Is using flatbuffers as the on-disk storage format for an application a hare-brained idea?
If yes, is it a less hare-brained idea than using the ctypes Python module to mmap a file as a C struct? That's what I'm currently doing to get 10x speedup relative to SQLite for an application bottlenecked on disk bandwidth, but it's unergonomic to say the least.
Flatbuffers look like a way to get the same performance with better ergonomics, but maybe there's a catch. (E.g. I thought the same thing about Apache Arrow before, but then I realized it's basically read-only. I don't expect to need to resize my tables often, but I do need to be able to twiddle individual values inside the file.)
I don't think it's hare-brained, I think it'd be great. No less hare-brained than storing stuff to disk in any other format like json or yaml.
That said, the ergonomics are absolutely awful for modifying existing objects; you can't modify an existing object, you need to serialize a whole new object.
There's also a schemaless version (flexbuffers) which retains a number of the flatbuffers benefits (zero-copy access to data, compact binary representation), but is also a lot easier to use for ad-hoc serialization and deserialization; you can `loads`/`dumps` the flexbuffer objects, for example.
It really depends on what you're storing and how you need to access the content to meet performance requirements. A simple example of where flatbuffers shines is in TCP flows or in Kafka where each message is a flatbuffer. In Kafka, the message size and type can be included in metadata. In TCP, framing is your responsibility. Serializing a message queue to a flat file is reasonable and natural.
Regarding files-as-C-structs: That isn't (necessarily) harebrained (if you can trust the input), Microsoft Word .DOC files were just memory dumps.
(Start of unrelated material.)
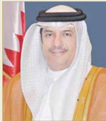
مساعد وزير الخارجية

وأكد مساعد وزير الخارجية حرص البحرين على تعزيز الشراكة مع الأمم المتحدة وأجهزتها الرئيسية ووكالاتها المتخصصة بما يخدم أهدافها السامية في الحفاظ على السلم والأمن الإقليمي والدولي، واحترام حقوق الإنسان، ودعم أهداف خطة التنمية المستدامة لعام 2030، وتطوير التعاون مع المفوضية السامية لحقوق الإنسان، لافتاً إلى توقيع المملكة لاتفاقية إطارية للشراكة الاستراتيجية مع 16 وكالة أممية للسنوات (2018 - 2022)، وهي الأولى من نوعها في منطقة الشرق الأوسط. وأشار إلى تنفيذ المملكة تعهداتها الحقوقية الطوعية بالتعاون مع مجلس حقوق الإنسان ضمن آلية الاستعراض

However, twiddling bits inside a flatbuffer isn't recommended per the documentation; rather, the guidance is to replace the entire buffer. If you don't want to manage the IO yourself, then a key/value store that maps indices to flatbuffers is entirely possible. I'd suggest a look at Redis.
Read only is a good case, afaik one of the usecases of flatbuffers is that you can mmap a huge flatbuffer file and then randomly access the data quickly without paying a huge deserialization cost.
If yes, is it a less hare-brained idea than using the ctypes Python module to mmap a file as a C struct? That's what I'm currently doing to get 10x speedup relative to SQLite for an application bottlenecked on disk bandwidth, but it's unergonomic to say the least.
Flatbuffers look like a way to get the same performance with better ergonomics, but maybe there's a catch. (E.g. I thought the same thing about Apache Arrow before, but then I realized it's basically read-only. I don't expect to need to resize my tables often, but I do need to be able to twiddle individual values inside the file.)